12.6 Counterparts; Electronic Signatures. This Agreement may be executed in any number of counterparts, each of which is deemed an original, and all of which together constitute one instrument. Signatures delivered by facsimile, PDF, or electronic signature platform (e.g., DocuSign) are binding.
12.7 Notices. All notices shall be in writing and deemed given when delivered personally, by certified mail (return receipt requested), or by nationally recognized overnight courier to the addresses set forth below (or as later designated in writing).
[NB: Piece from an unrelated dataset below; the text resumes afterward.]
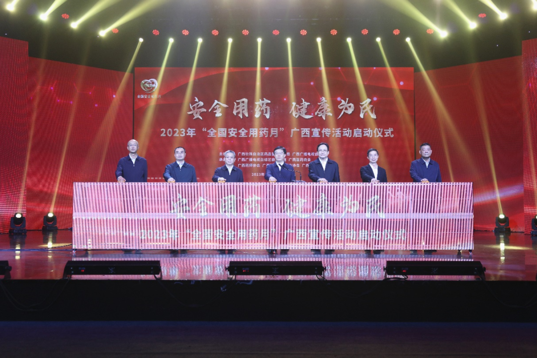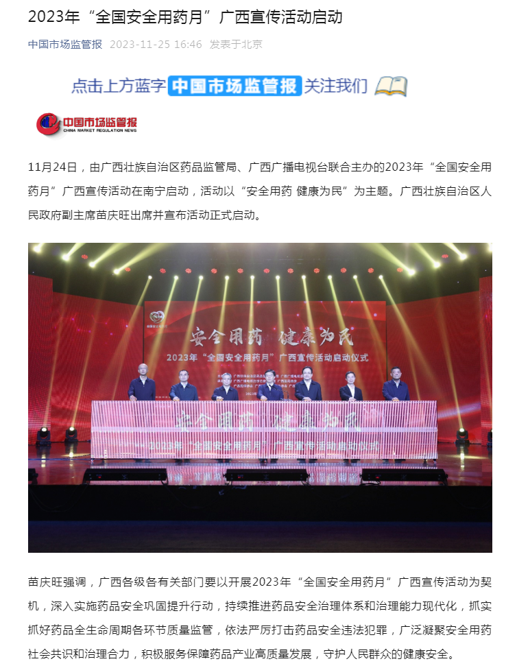 11月24日,由广西壮族自治区药品监管局、广西广播电视台联合主办的2023年“全国安全用药月”广西宣传活动在南宁启动,活动以“安全用药 健康为民”为主题。广西壮族自治区人民政府副主席苗庆旺出席并宣布活动正式启动。

12.8 Interpretation. Headings are for convenience only and shall not affect interpretation. The word “including” means “including, without limitation.” No presumption against the drafter shall apply.
13. EXECUTION BLOCK
IN WITNESS WHEREOF, the parties have executed this Property Management Agreement as of the Effective Date.
| OWNER | MANAGER |
|---|---|
| [OWNER LEGAL NAME] | [MANAGER LEGAL NAME] |
| By: _________ | By: _________ |
| Name: [PRINTED NAME] | Name: [PRINTED NAME] |
| Title: [TITLE] | Title: [TITLE] |
| Date: _______ | Date: _______ |
[Notary Acknowledgment if required]
[// GUIDANCE:
1. Confirm compliance with local municipal ordinances (e.g., Chicago RLTO) where the Property is located.
2. Verify that all trust accounts are opened in the exact name format required by IDFPR.
3. Customize monetary limits, fees, and termination periods to client’s risk tolerance.
4. Confirm optional arbitration and jury-waiver selections with client before final execution.
5. Attach Exhibit A (Property Description) and Exhibit B (Form Residential Lease) as needed.]